Cu_1.8S has been considered as a potential thermoelectric (TE) material for its stable electrical and thermal properties, environmental benignity, and low cost. Herein, the TE properties of nanostructured Cu_1.8S_1−xTe_x (0 ⩽ x ⩽ 0.2) bulks fabricated by a facile process combining mechanical alloying (MA) and room-temperature high-pressure sintering (RT-HPS) technique were optimized via eliminating the volatilization of S element and suppressing grain growth. Experimentally, a single phase of Cu_1.8S was obtained at x = 0, and a second Cu_1.96S phase formed in all Cu_1.8S_1−xTe_x samples when 0.05 ⩽ x ⩽ 0.125. With further increasing x to 0.15 ⩽ x ⩽ 0.2, the Cu_2−zTe phase was detected and the samples consisted of Cu_1.8S, Cu_1.96S, and Cu_2−zTe phases. Benefiting from a modified band structure and the coexisted phases of Cu_1.96S and Cu_2−zTe, the power factor is enhanced in all Cu_1.8S_1−xTe_x (0.05 ⩽ x ⩽ 0.2) alloys. Combining with a drastic decrease in the thermal conductivity due to the strengthened phonon scatterings from multiscale defects introduced by Te doping and nano-grain boundaries, a maximum figure of merit (ZT) of 0.352 is reached at 623 K for Cu_1.8S_0.875Te_0.125, which is 171% higher than that of Cu_1.8S (0.130). The study demonstrates that doping Te is an effective strategy to improve the TE performance of Cu_1.8S based materials and the proposed facile method combing MA and RT-HPS is a potential way to fabricate nanostructured bulks.
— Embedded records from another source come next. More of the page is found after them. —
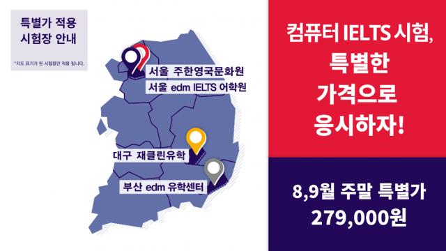 주한영국문화원이 오는 9월 30일까지 서울, 대구, 부산의 지정 시험장에서 주말에 열리는 IELTS 컴퓨터 시험을 특별가인 27만9000원에 제공하는 한정 이벤트를 진행한다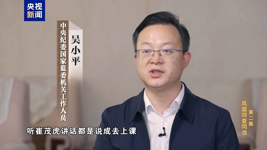 中央紀(jì)委國家監(jiān)委機關(guān)工作人員 吳小平:崔茂虎特別能講,講起工作來都是長篇大論的,所以麗江當(dāng)?shù)匾恍└刹棵看稳ラ_會,聽崔茂虎講話都說成去上課,去聽崔老師講課,實際上散了會就開始到別墅里面跟商人老板在一起吃喝玩樂。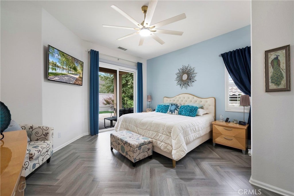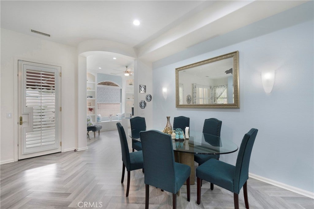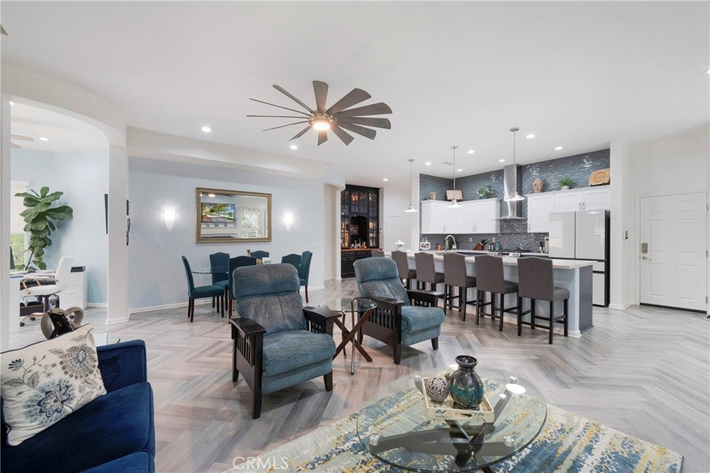 This impeccably remodeled single-story gem captures the effortless Trilogy lifestyle. Boasting two bedrooms + office, this turnkey residence shines with a fully remodeled kitchen and bathrooms, brand-new flooring throughout, and thoughtful upgrades at every turn. Step inside to an open living room featuring a built-in bar – the perfect entertaining hub. The cozy family room invites relaxation with a fireplace ideal for fireside conversations. The heart of the home is the stunning remodeled kitchen, complete with a spacious counters, pull out shelves in lower cabinets, bar-top seating, sleek countertops, and modern finishes designed for both casual dining and hosting. Retreat to the generous primary suite with direct access to an outside patio, a spa-like primary bath showcasing a large walk-in shower with bench and rainfall shower head, dual vanities, and an expansive walk-in closet. The second bedroom is perfect for guests. A versatile office with built in book shelves overlooks a low maintenance back patio. The beautifully updated guest bath complete the interior. Outside, enjoy living on the private patio with electric retractable awning – perfect for shaded gatherings or quiet mornings. Additional features include double-pane windows with plantation shutters, smart ceiling fans, and new flooring that flows seamlessly throughout. The Trilogy community features fitness centers, pools, tennis, pickleball, bocce, and the award-winning Glen Ivy Golf Course – all surrounded by rolling hills and natural beauty.

Cu _1.8 S由于其稳定的电学和热学性质，环境友好性和低成本而被认为是潜在的热电（TE）材料。在本文中，纳米结构的Cu的TE特性_1.8小号_{1- X}特_X（0⩽ X ⩽0.2）块材制造用的简便工艺相结合机械合金化（MA）和室温高压烧结（RT-HPS）技术进行了优化通过消除S元素的挥发并抑制晶粒长大。实验上，在x = 0时获得了单相Cu _1.8 S ，在所有Cu _1.8 S _{1- x中}形成了第二个Cu _1.96 S相。特_X样品时0.05⩽ X ⩽0.125。随着x进一步增加到0.15 x 0.2，将检测到Cu _{2- z} Te相，样品包括Cu _1.8 S，Cu _1.96 S和Cu _{2- z} Te相。从修改的带结构和Cu的共存相受益_1.96 S和铜_{2- Ž}碲，功率因数增强所有的Cu _1.8小号_{1- X}特_X（0.05⩽ X⩽0.2）合金。结合由于Te掺杂和纳米晶界引入的多尺度缺陷引起的声子散射增强而导致的导热率急剧下降，对于Cu _1.8 S _0.875 Te _0.125，在623 K时，最大品质因数（ZT）为0.352。，比Cu _1.8 S（0.130）高171％。研究表明，掺杂Te是提高Cu _1.8 S基材料的TE性能的有效策略，而提出的将MA和RT-HPS结合起来的简便方法是一种制备纳米结构体的潜在方法。